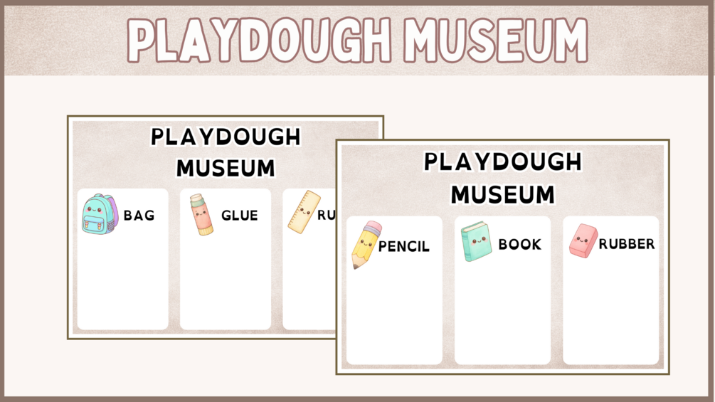- Playdough Museum: Model classroom objects with playdough and present them to peers.
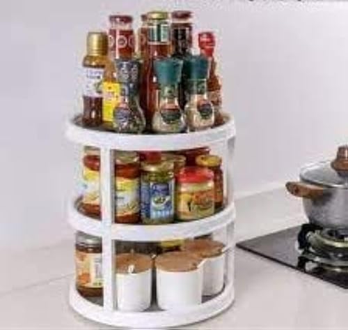 Spaceshoop - رف منظم لأدوات المطبخ بتصميم دوار مكون من 3 أدوار - قطعة واحدة، بلاستيك
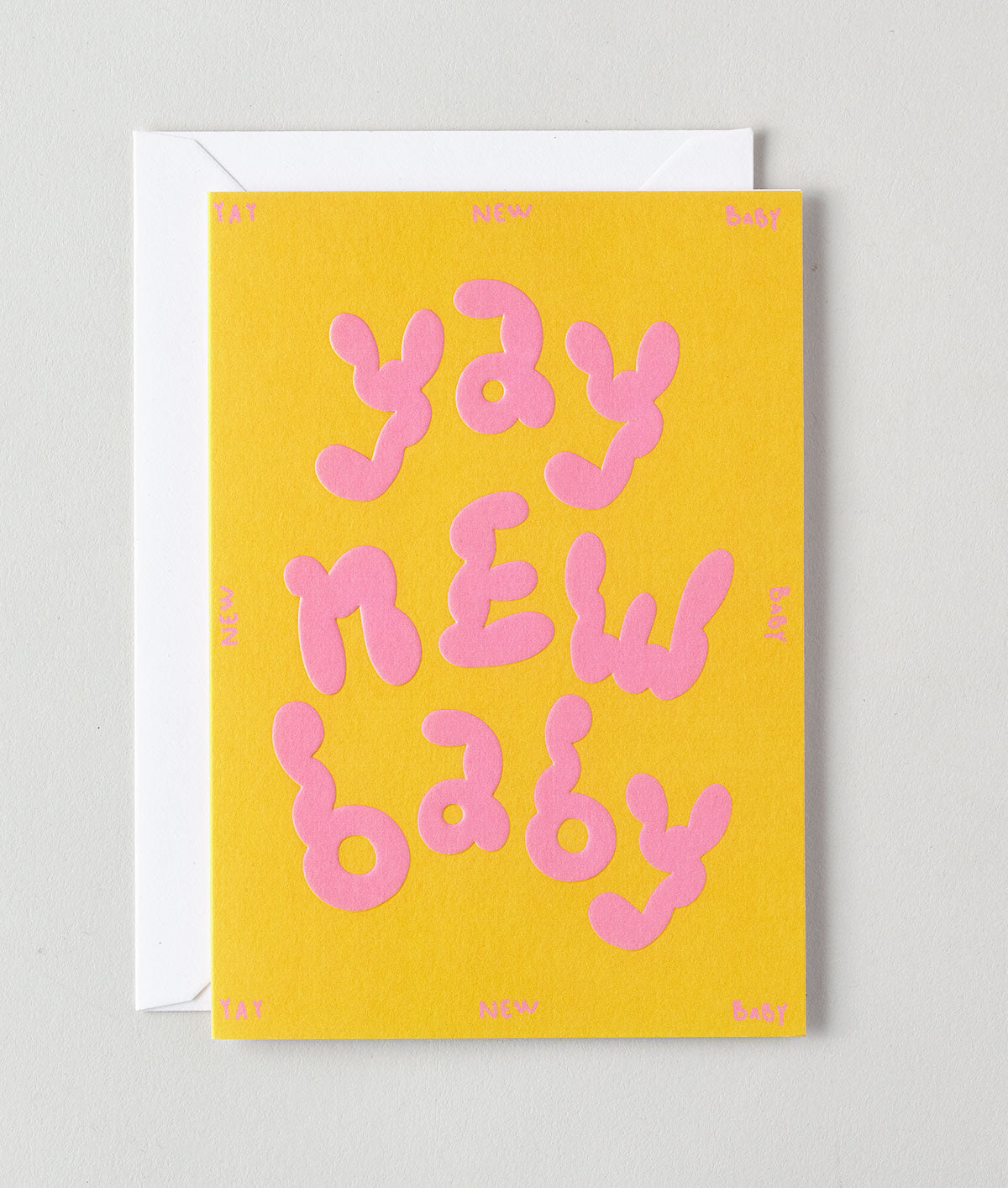 A bright, sunshine infused new baby card to celebrate a new bundle of joy. Designed in a bubbly pink type.
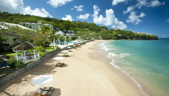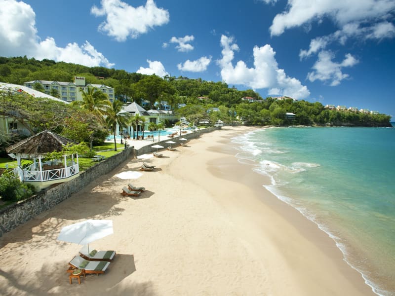 Austauschprogramm "Einmal bezahlen, dreifach genießen": Auf Saint Lucia erleben die Gäste gleich drei Sandals Resorts, denn hier gilt: einmal bezahlen, dreimal genießen. Urlauber wohnen in ihrem bevorzugten Sandals-Hotel und nutzen wie es ihnen beliebt das komplette Angebot der beiden anderen, maximal 30 Fahrminuten voneinander entfernten Anlagen des Sandals Grande St. Lucian und Sandals Halcyon. Dadurch stehen allen Sandals-Gästen drei Strände, 27 Restaurants und 21 Bars, zehn Pools und elf Whirlpools, der Golfplatz sowie die Nutzung des Shuttlebusses kostenfrei zur Verfügung. Hochzeitsarrangement Das Resort ist wie geschaffen für Hochzeitsreisende und Honeymooner: In einer außergewöhnlichen Überwasser-Kapelle mit traumhaften Ausblick auf die Rodney Bay können sich Brautpaare das Ja-Wort geben. Anschließend haben sie die einmalige Gelegenheit, ihre Flitterwochen in einem der sehr luxurösen Overwater-Bungalow zu verbringen. Die exklusiven Unterkünfte gehören zu den ersten Überwassersuiten der Karibik. Island Routes Saint Lucia bietet einige der schönsten Strände der Welt, aber es gibt viel mehr zu entdecken als Sand und Meer. Die Insel hat ganz besondere Eigenschaften und verdient es, mit einem der vielen Ausflüge, die Island Routes vor Ort anbieten, zu erkunden: vom Hochseefischen über Schwimmen mit Delfinen bis hin zu Katamarantouren und Ausritten zu Pferd oder mit dem Mountainbike. Verpassen Sie nicht die Chance, die echte Karibik abseits der ausgetretenen Pfade zu erkunden! Red Lane Spa Umgeben vom traumhaften Meer, erleben Sie einzigartige Momente. Entspannen Sie sich im preisgekrönten Red Lane® Spa mit einer verjüngenden Massage in einer privaten Cabana am Strand, am Pier am Meer oder in einer romantischen, entspannenden Oase für Paare. Die sanfte Brise streichelt Ihre sonnenverwöhnte Haut, während der hypnotische Klang der Wellen Ihre Seele beruhigt.
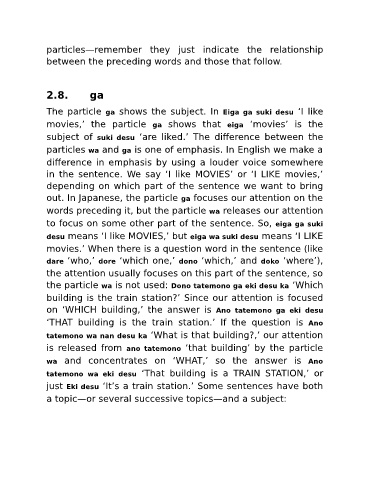 particles—remember they just indicate the relationship
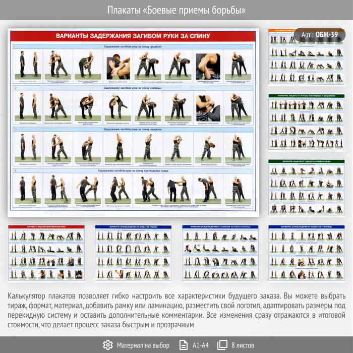 Плакаты «Боевые приемы борьбы» (ОБЖ-39, 8 листа) в Краснодаре купить
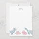Cartão de nota de papelaria infantil fofo com ilustração desenhada à mão de dinossauros rosa pastel.
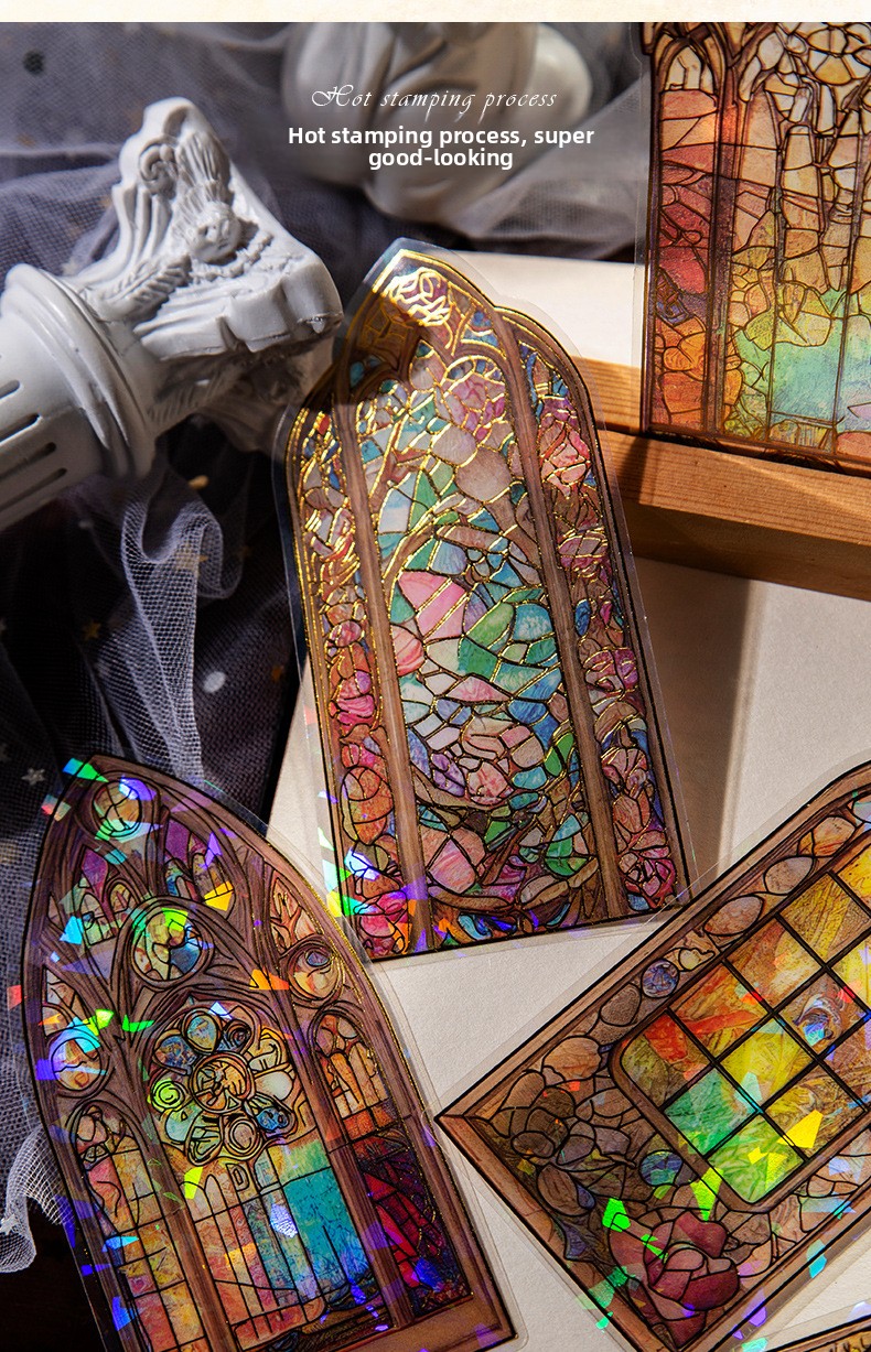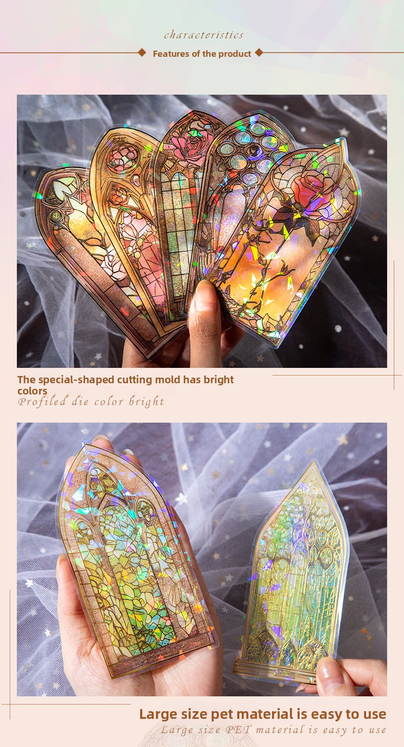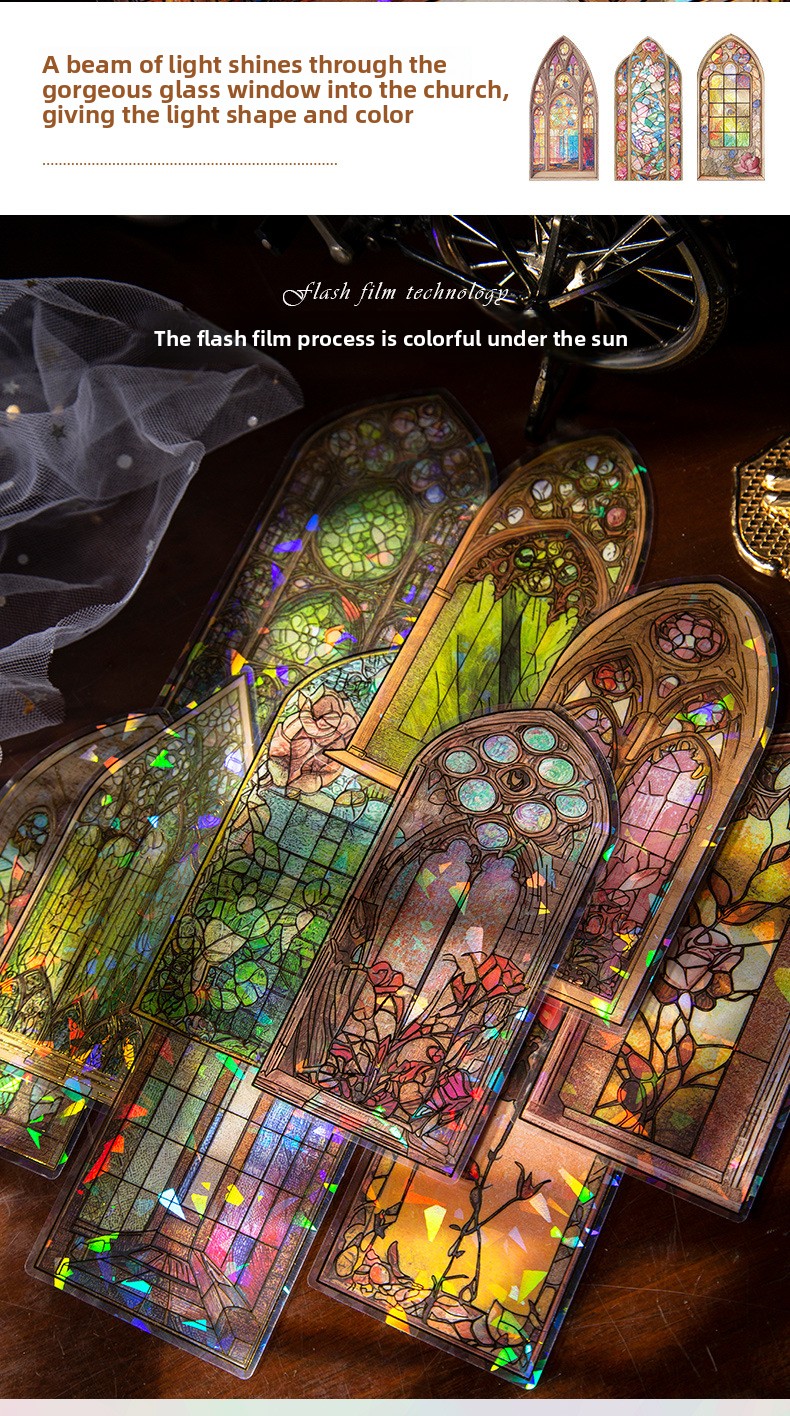 These elegant PET stickers are inspired by classic stained-glass architecture, featuring intricate window designs filled with vibrant colors and shimmering light effects. Each piece captures the magical glow of sunlight passing through antique glass, creating a dreamy atmosphere on every page.

Work instructions =>
Repeat each record exactly as shown above, dropping all images.

Finished exercise =>
- Playdough Museum: Model classroom objects with playdough and present them to peers.
 Spaceshoop - رف منظم لأدوات المطبخ بتصميم دوار مكون من 3 أدوار - قطعة واحدة، بلاستيك
 A bright, sunshine infused new baby card to celebrate a new bundle of joy. Designed in a bubbly pink type.
 Austauschprogramm "Einmal bezahlen, dreifach genießen": Auf Saint Lucia erleben die Gäste gleich drei Sandals Resorts, denn hier gilt: einmal bezahlen, dreimal genießen. Urlauber wohnen in ihrem bevorzugten Sandals-Hotel und nutzen wie es ihnen beliebt das komplette Angebot der beiden anderen, maximal 30 Fahrminuten voneinander entfernten Anlagen des Sandals Grande St. Lucian und Sandals Halcyon. Dadurch stehen allen Sandals-Gästen drei Strände, 27 Restaurants und 21 Bars, zehn Pools und elf Whirlpools, der Golfplatz sowie die Nutzung des Shuttlebusses kostenfrei zur Verfügung. Hochzeitsarrangement Das Resort ist wie geschaffen für Hochzeitsreisende und Honeymooner: In einer außergewöhnlichen Überwasser-Kapelle mit traumhaften Ausblick auf die Rodney Bay können sich Brautpaare das Ja-Wort geben. Anschließend haben sie die einmalige Gelegenheit, ihre Flitterwochen in einem der sehr luxurösen Overwater-Bungalow zu verbringen. Die exklusiven Unterkünfte gehören zu den ersten Überwassersuiten der Karibik. Island Routes Saint Lucia bietet einige der schönsten Strände der Welt, aber es gibt viel mehr zu entdecken als Sand und Meer. Die Insel hat ganz besondere Eigenschaften und verdient es, mit einem der vielen Ausflüge, die Island Routes vor Ort anbieten, zu erkunden: vom Hochseefischen über Schwimmen mit Delfinen bis hin zu Katamarantouren und Ausritten zu Pferd oder mit dem Mountainbike. Verpassen Sie nicht die Chance, die echte Karibik abseits der ausgetretenen Pfade zu erkunden! Red Lane Spa Umgeben vom traumhaften Meer, erleben Sie einzigartige Momente. Entspannen Sie sich im preisgekrönten Red Lane® Spa mit einer verjüngenden Massage in einer privaten Cabana am Strand, am Pier am Meer oder in einer romantischen, entspannenden Oase für Paare. Die sanfte Brise streichelt Ihre sonnenverwöhnte Haut, während der hypnotische Klang der Wellen Ihre Seele beruhigt.
 particles—remember they just indicate the relationship
 Плакаты «Боевые приемы борьбы» (ОБЖ-39, 8 листа) в Краснодаре купить
Cartão de nota de papelaria infantil fofo com ilustração desenhada à mão de dinossauros rosa pastel.
 These elegant PET stickers are inspired by classic stained-glass architecture, featuring intricate window designs filled with vibrant colors and shimmering light effects. Each piece captures the magical glow of sunlight passing through antique glass, creating a dreamy atmosphere on every page.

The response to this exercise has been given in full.